All of the records below are to be printed exactly; the pictures are to be left out.
[DATA FOR THE TASK]
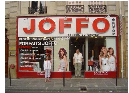
O negocio familiar nos últimos anos.

Joffo, un perruqueiro xudeu establecido no París ocupado polos nazis, decide dispersar a súa familia para evitar o cruel destino que lles agarda. Os seus fillos, Joseph e Maurice, con dez e doce anos, deben sobrevivir sós e fuxir en busca da liberdade unha vez que seus pais son detidos pola Xestapo. A amizade, a picaresca e o medo marcan a súa supervivencia.
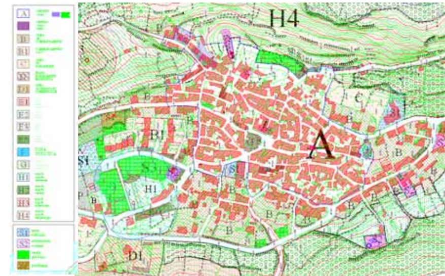
STRUMENTO URBANISTICO VIGENTE – PUC - 1999

Nel PUC del comune di Aidomaggiore è presente la zona A. Il Comune di Aidomaggiore è dotato di Piano Particolareggiato approvato con deliberazione del Consiglio Comunale n° 25 del 27/09/2002
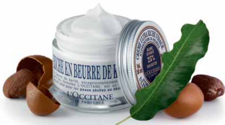
Crème Ultra Riche Visage Hydratation* 24 Heures Pot 50ml.

(2) Test effectué sur 24 femmes pendant 3 semaines
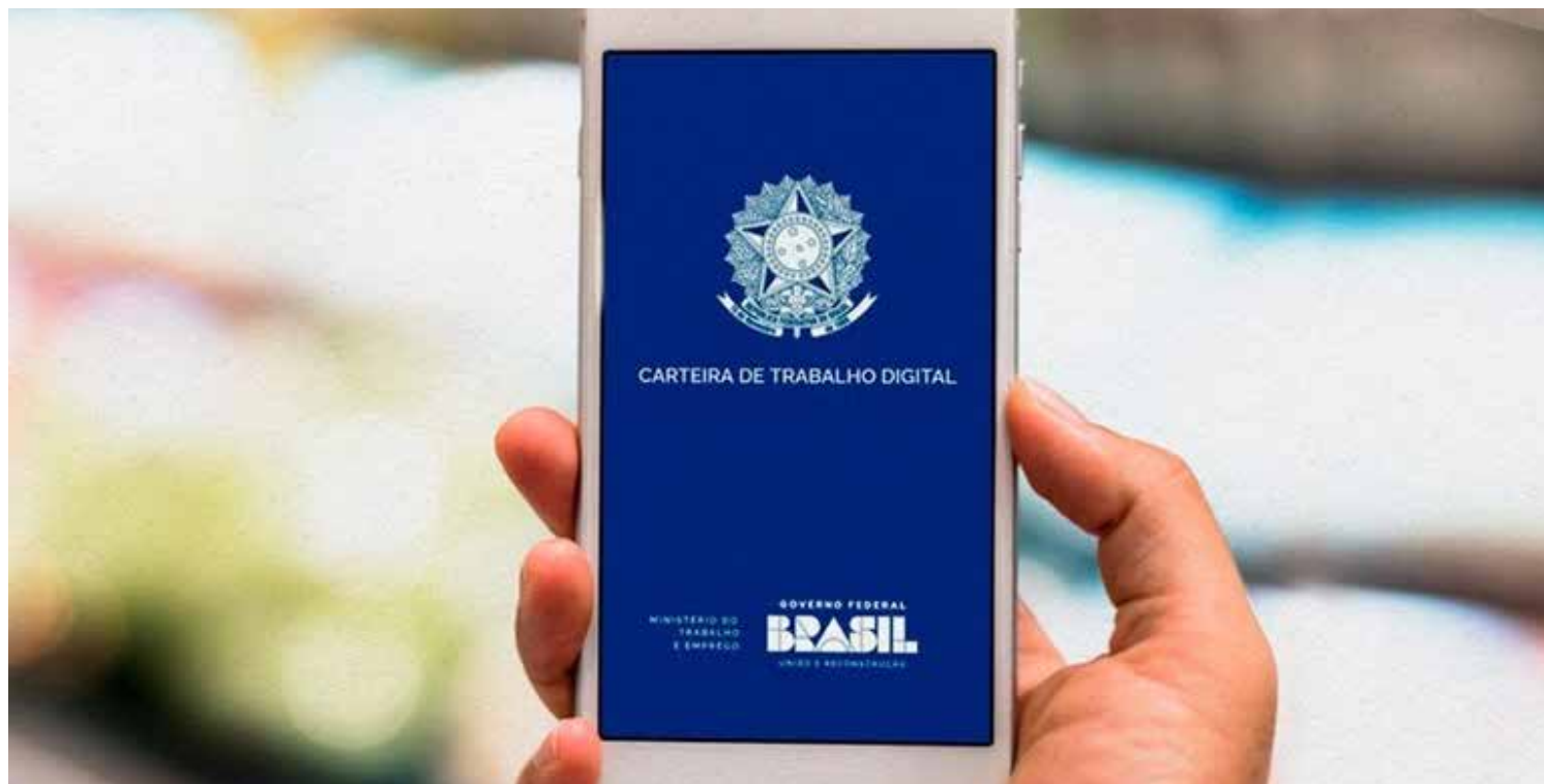
As novas vagas com carteira assinada geradas em março em Mato Grosso foram ocupadas, em sua maioria, por pessoas do sexo feminino (1.110)

Apesar do saldo negativo em março, três setores da economia em Mato Grosso apresentaram resultados positivos.
[/DATA FOR THE TASK]
> [ANSWER BOX]:
O negocio familiar nos últimos anos.

Joffo, un perruqueiro xudeu establecido no París ocupado polos nazis, decide dispersar a súa familia para evitar o cruel destino que lles agarda. Os seus fillos, Joseph e Maurice, con dez e doce anos, deben sobrevivir sós e fuxir en busca da liberdade unha vez que seus pais son detidos pola Xestapo. A amizade, a picaresca e o medo marcan a súa supervivencia.
STRUMENTO URBANISTICO VIGENTE – PUC - 1999

Nel PUC del comune di Aidomaggiore è presente la zona A. Il Comune di Aidomaggiore è dotato di Piano Particolareggiato approvato con deliberazione del Consiglio Comunale n° 25 del 27/09/2002
Crème Ultra Riche Visage Hydratation* 24 Heures Pot 50ml.

(2) Test effectué sur 24 femmes pendant 3 semaines
As novas vagas com carteira assinada geradas em março em Mato Grosso foram ocupadas, em sua maioria, por pessoas do sexo feminino (1.110)

Apesar do saldo negativo em março, três setores da economia em Mato Grosso apresentaram resultados positivos.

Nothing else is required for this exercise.